Robert Mondavi and 9/11: A Connection?

First, the good news:

Riedel now makes a glass specifically for egg whites

Egg white is a fining agent used in Burgundy to clarify wine.  Although other products work equally well, albumen is particularly prized because lots of Cordon Bleu recipes call for egg yolks, and that leaves the country with a surplus of homeless egg whites looking for a resting spot.  At the bottom of a wine vat?  Voila!

Meanwhile,  the French really need to consider ending blind jury tastings, because the egg they need for their wine keeps ending up on their faces.

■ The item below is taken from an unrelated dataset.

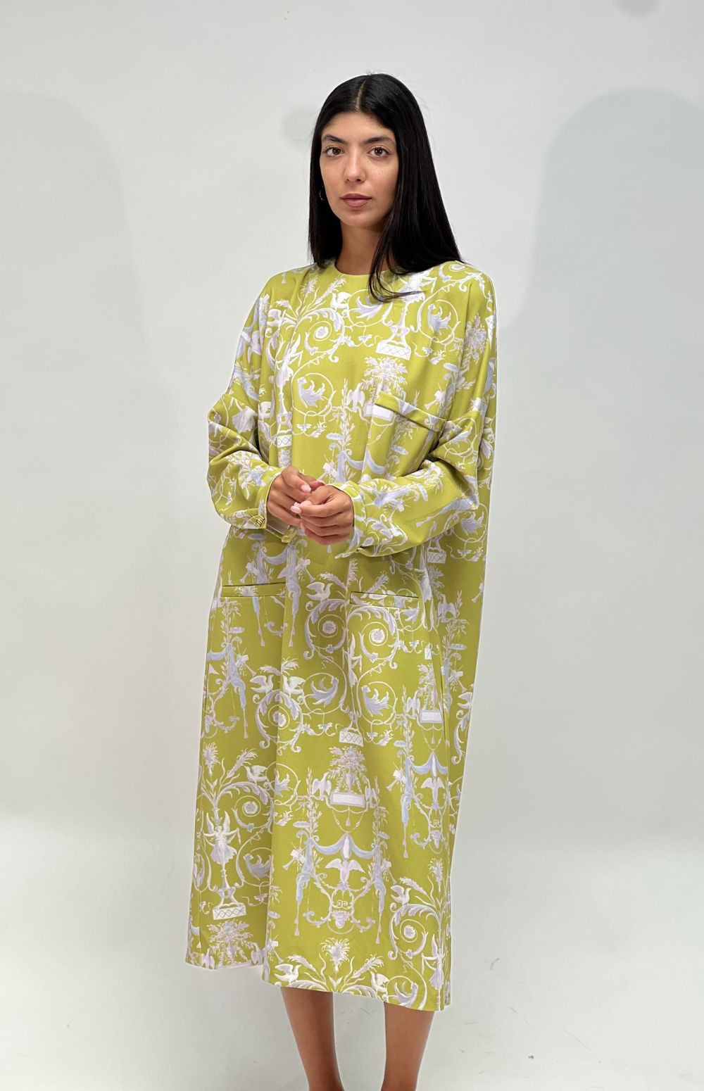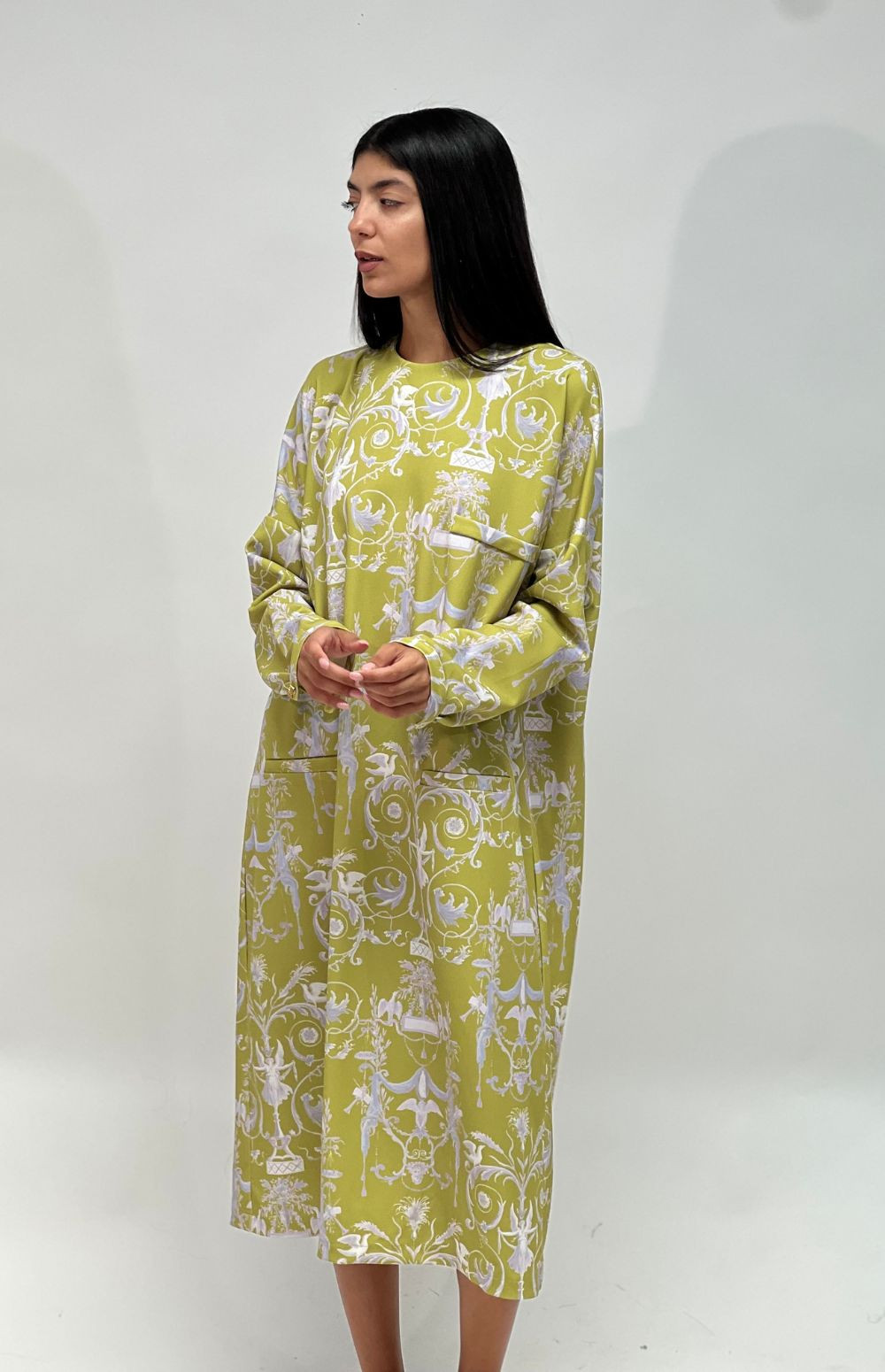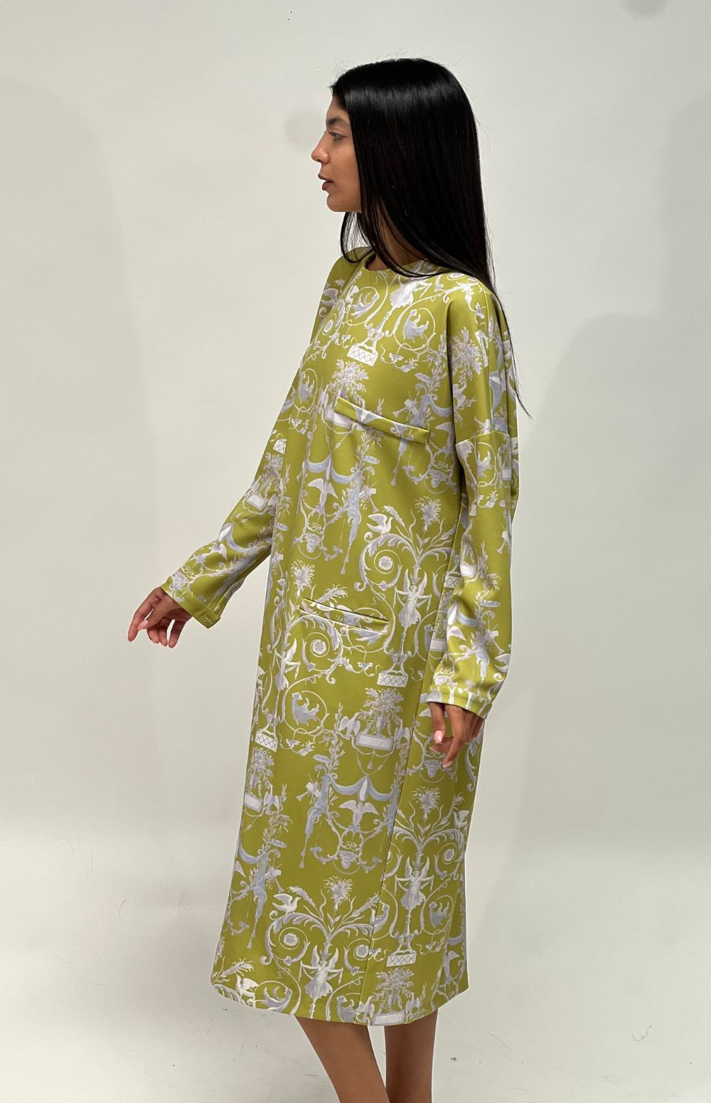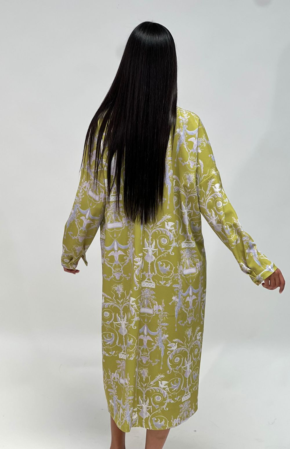Embrace elegance in this flowing, long-sleeved, oversized dress, featuring side pockets, a graceful back closure secured by milkwhite buttons and a charming print with angels in a lime color.

Everybody in the wine world is familiar with the earth shattering ‘Judgment of Paris’ where, in 1976, a pair of virtually unknown Napa wines (Chateau Montelena chardonnay and Stag’s Leap Wine Cellars cabernet) bested France’s top estates.  Less press is given to the  Grand Jury Européen 1997, an equally prestigious tasting held in Bordeaux where more than 70% of the entries were French and 100% of the judges were European.  Twenty-seven chardonnays competed—among them, a who’s who of Grand Cru Burgundies from the region’s most acclaimed producers.  Three vintages were sampled—1989, 1992 and 1994—and in the end, the judges awarded top honors to Robert Mondavi Reserve Chardonnay.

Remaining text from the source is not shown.